Hi, I’m Uladzislau. I’m a generalist in a full‑time career transition toward impact, trying to spend my most productive hours and real‑world org‑building skills on important, neglected, and tractable problems by joining or starting a high‑impact organization.
Right now I’m especially interested in field‑building for AI safety (including better pipelines for generalist/ops talent) and in humanity’s resilience to AI and other global catastrophic risks, with a focus on our epistemic and cognitive readiness for fast change. I’m also open to other high‑impact causes where there’s good evidence for stronger counterfactual impact and personal fit.
I’ve spent 10+ years building evidence‑driven operations and helping small businesses grow into international companies during crises—spotting bottlenecks, owning solutions, and setting up durable functions in finance, project management, PR, and more.

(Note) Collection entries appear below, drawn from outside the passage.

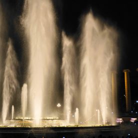 The fountain sprays 700 gallons of water a second through 3620 jets to create its effect. The highest water spout is 170 feet.
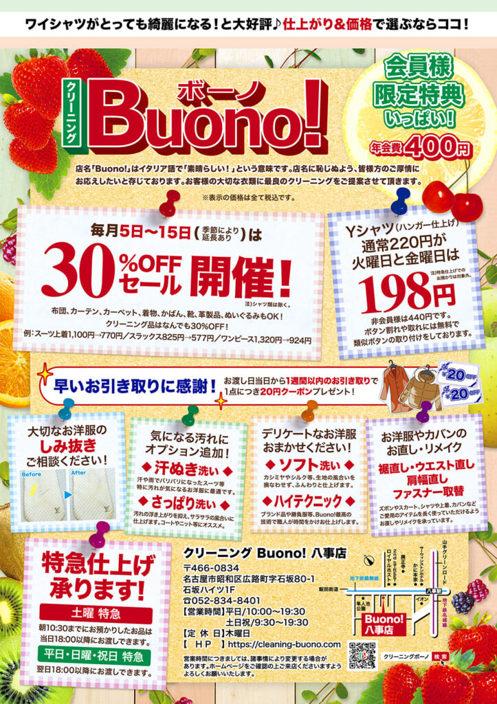 「クリーニングBuono!」は、定価がお値打ちとお客様よりお喜びのお声を頂戴しています。
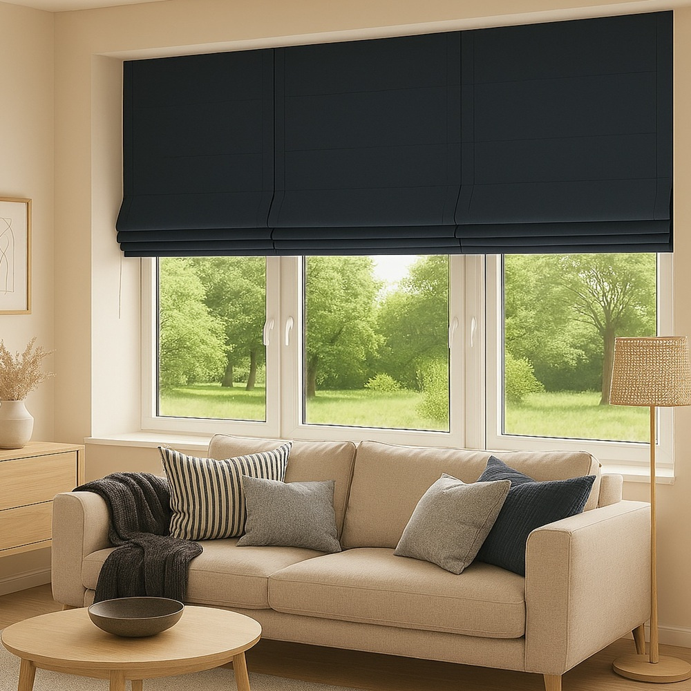Roleta rzymska zaciemniająca do 100 % blackout na wymiar granatowa

I’ve completed and am currently involved in EA‑related 1:1 advisory and accelerator programs, applying for fellowships, and looking for skilled volunteering and test projects where I can test my fit and start contributing to field‑ and org‑building work.
I am curious to read more about EA community’s current takes on humanity’s epistemic resilience in view of growing AI. In other words, I’m wondering: What are the risks that our capacity for curiosity, agency, critical thinking, sourcing, and vetting information, and evaluative decision-making might deteriorate as AI usage increases? How big, tractable, and neglected are these risks, especially as AI systems may reduce our incentives to develop or use these skills?

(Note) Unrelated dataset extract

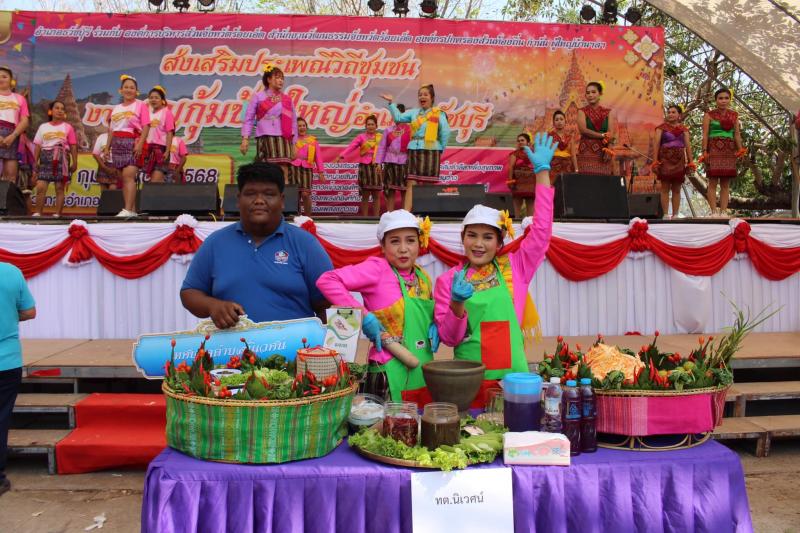 รายละเอียด : วันศุกร์ที่ 21 กุมภาพันธ์ 2568 เวลา 09.00 น.นายณรงค์ฤทธิ์ นาอ่อน นายกเทศมนตรีตำบลนิเวศน์ พร้อมด้วยคณะผู้บริหาร สมาชิกสภา ผู้นำชุมชนตำบลนิเวศน์ พนักงาน ลูกจ้าง เทศบาลตำบลนิเวศน์ ร่วมงานประเพณีวิถีชุมชนบุญกุ้มข้าวใหญ่ อำเภอธวัชบุรี ประจำปี พ.ศ. 2568 โดยภายในงานมีพิธีเจริญพระพุทธมนต์ พิธีสู่ขวัญข้าวและบูชาพระแม่โพสพ ชุดการแสดงโรงเรียนราชประชานุเคราะห์ 63 จังหวัดร้อยเอ็ด ชมการแสดงกลองยาวประยุกต์ พิธีรำบวงสรวง โดยตัวแทนสตรีทั้ง 12 ตำบล ไม่น้อยกว่า 300 คน มีการจัดแสดงสินค้า OTOP การประกวดเถียงนาประเภทสวยงาม การประกวดเถียงนาประเภทเศรษฐกิจพอเพียง การประกวดมหัศจรรย์สีสันแห่งไฟในเถียงนา การประกวดแข่งขันส้มตำลีลาเพื่อสุขภาพ แข่งขันสนูว่าว การประกวดร้องเพลงผู้นำท้องถิ่น/ท้องที่ พร้อมหางเครื่องท้องถิ่นท้องที่ โดยมี นายชูศักดิ์ ราชบุรี รองผู้ว่าราชการจังหวัดร้อยเอ็ด เป็นประธานในพิธีเปิดงาน ณ สนามหน้าที่ว่าการอำเภอธวัชบุรี จังหวัดร้อยเอ็ด

My intuition is it could drive challenges even with aligned AI and without direct misuse—we as humans could disempower ourselves voluntarily out of mere laziness or lost skills. The risk could be aggravated if, following the “Intelligence Curse” logic, the “powerful actors” see no reasons to keep humans epistemically capable. Besides, it could threaten AI alignment if our capacity to make informed decisions about AI governance diminishes.
I’m now only learning the EA ways and hopefully in some time will be able to myself evaluate whether this is a valid issue or I’m just doomsaying. However, if I imagine that for AI to go well we need both AI aligned with humans and humans evolved for AI, I’m under the impression that current EA efforts lean towards the former more than to the latter. Is my estimate sensible?
Far from claiming to have conclusive evidence, I've made some observations to fuel the above subjective impression. I draw them from reflecting on the information bubble I’m building around myself as I’m now delving into Effective altruism.
For example, as I searched for skilled volunteering opportunities, I reviewed 20 AI orgs through EA-related opportunities boards (EA, 80,000 Hours, ProbablyGood, AISafety, BlueDot Impact, Consultants for Impact). I tried to be impartial, though if I had any bias, it was toward preferring work on epistemic resilience issues. Of these organizations, I found 4 that tackle the issue more or less explicitly—focusing on the human side—compared to 16 that seem to mainly address the AI side.
Also following 80,000 Hours problem profiles and AI articles, BlueDot Impact Future of AI course, EA Forum digest and several AI newsletters of the recent 1-2 months, supplied with some express googling, I extracted 5 more or less explicit mentions on the topic of preparing humans for AI. While I didn’t count precisely, the proportion of articles focusing on AI-side problems (e.g., compute, AI rights, alignment) seemed subjectively much higher. 2 of those 5 specifically tackle intentional misuse, and the rest 3—more general changes in cognitive patterns including but not limited to malevolent usage, e.g., Michael Gerlich’s 2025 study “AI Tools in Society: Impacts on Cognitive Offloading and the Future of Critical Thinking”. I am asking about the latter 3—broader implications for our thinking without bad intentions as a key risk factor.
Does EA community have any view on the topic of our readiness to use AI without degrading? Is my impression about EA community leaning more towards the AI side of the issue vs. the human side of it sensible? Is it a problem, worth exploring further? Are there any drafts on the topic that wait to be published?